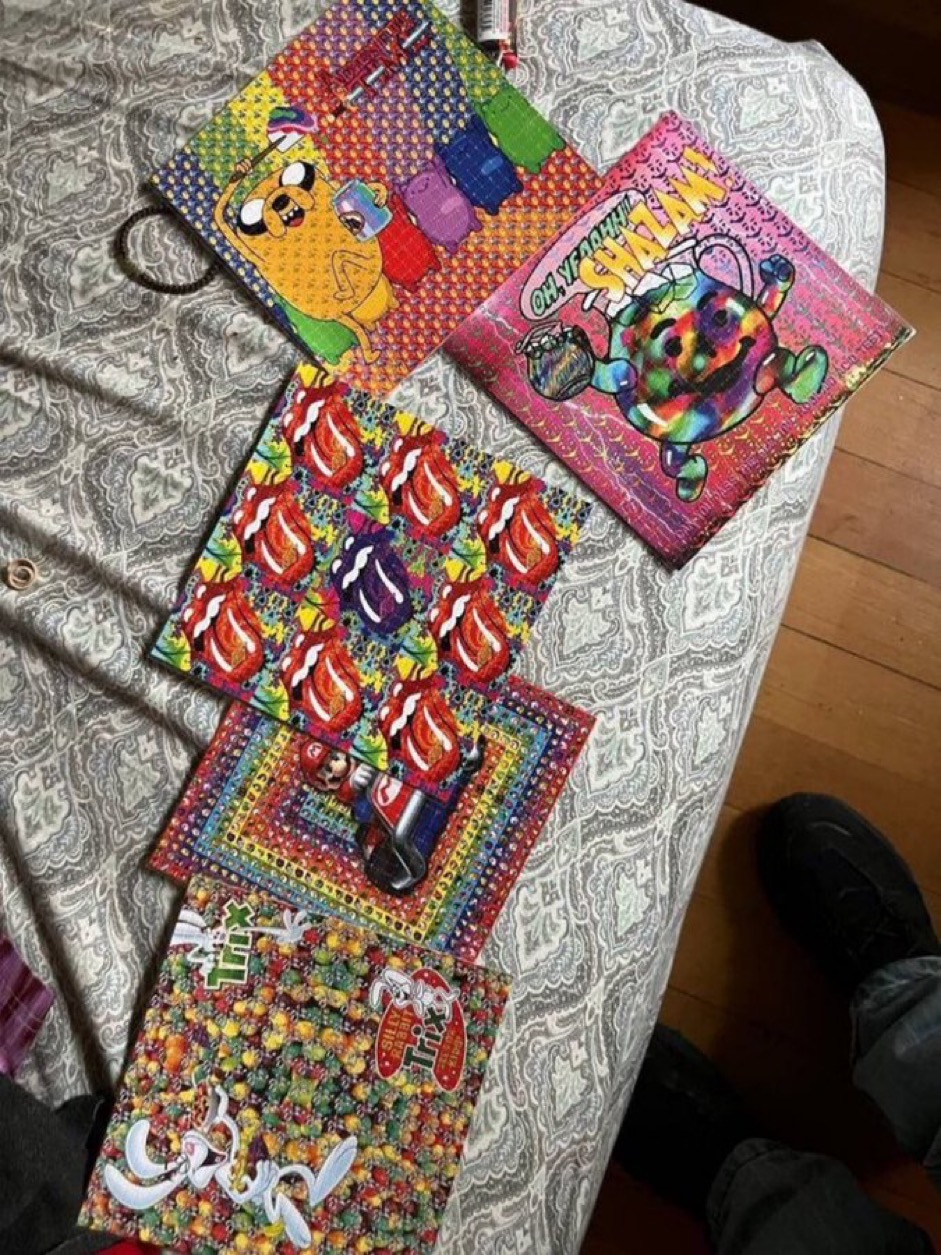LSD is usually sold as small squares of paper with pictures on them, known as tabs or blotters.
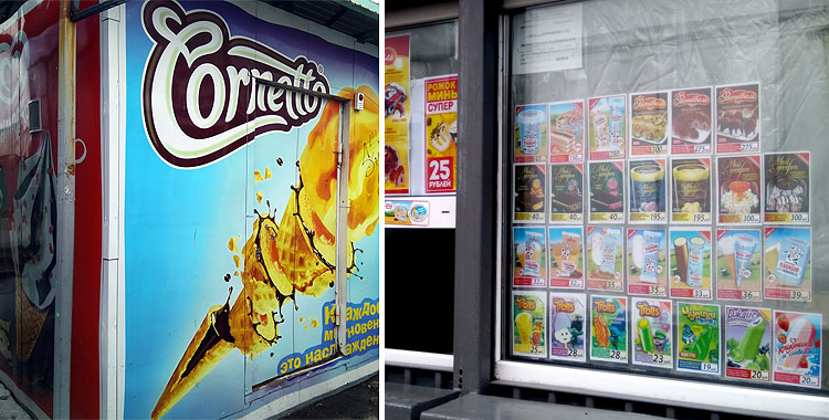 С этой точки зрения, казалось бы, отличным выходом должны быть кафе-мороженые. В кафе-мороженых цены выше, а потому, по идее (по моей идее), они должны предложить нам что-то эдакое. Потому что купить простой пломбир проще и намного дешевле в киоске. Киоски есть в любых концах города.
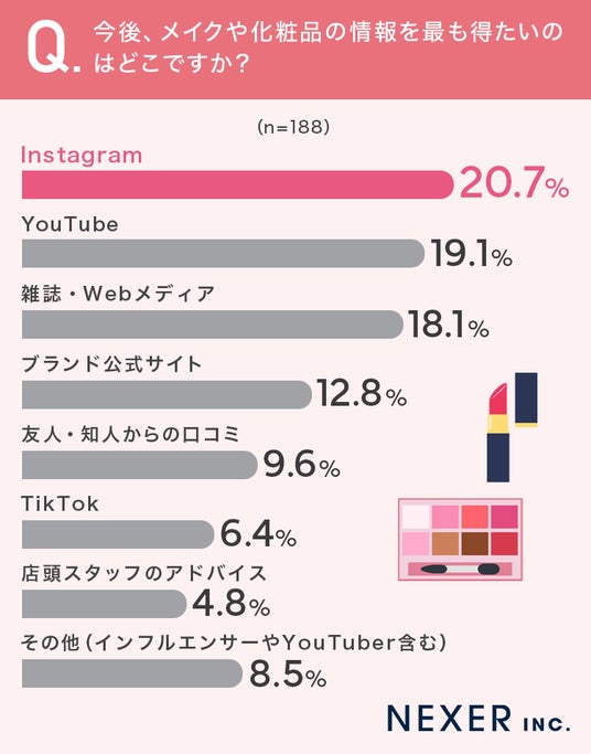 ■20.7%が今後、メイクや化粧品の情報を最も得たいのは「Instagram」と回答

==================================================

Try it:
Give back the full listing exactly as written, only without its pictures.

Your response:
LSD is usually sold as small squares of paper with pictures on them, known as tabs or blotters.
 С этой точки зрения, казалось бы, отличным выходом должны быть кафе-мороженые. В кафе-мороженых цены выше, а потому, по идее (по моей идее), они должны предложить нам что-то эдакое. Потому что купить простой пломбир проще и намного дешевле в киоске. Киоски есть в любых концах города.
 ■20.7%が今後、メイクや化粧品の情報を最も得たいのは「Instagram」と回答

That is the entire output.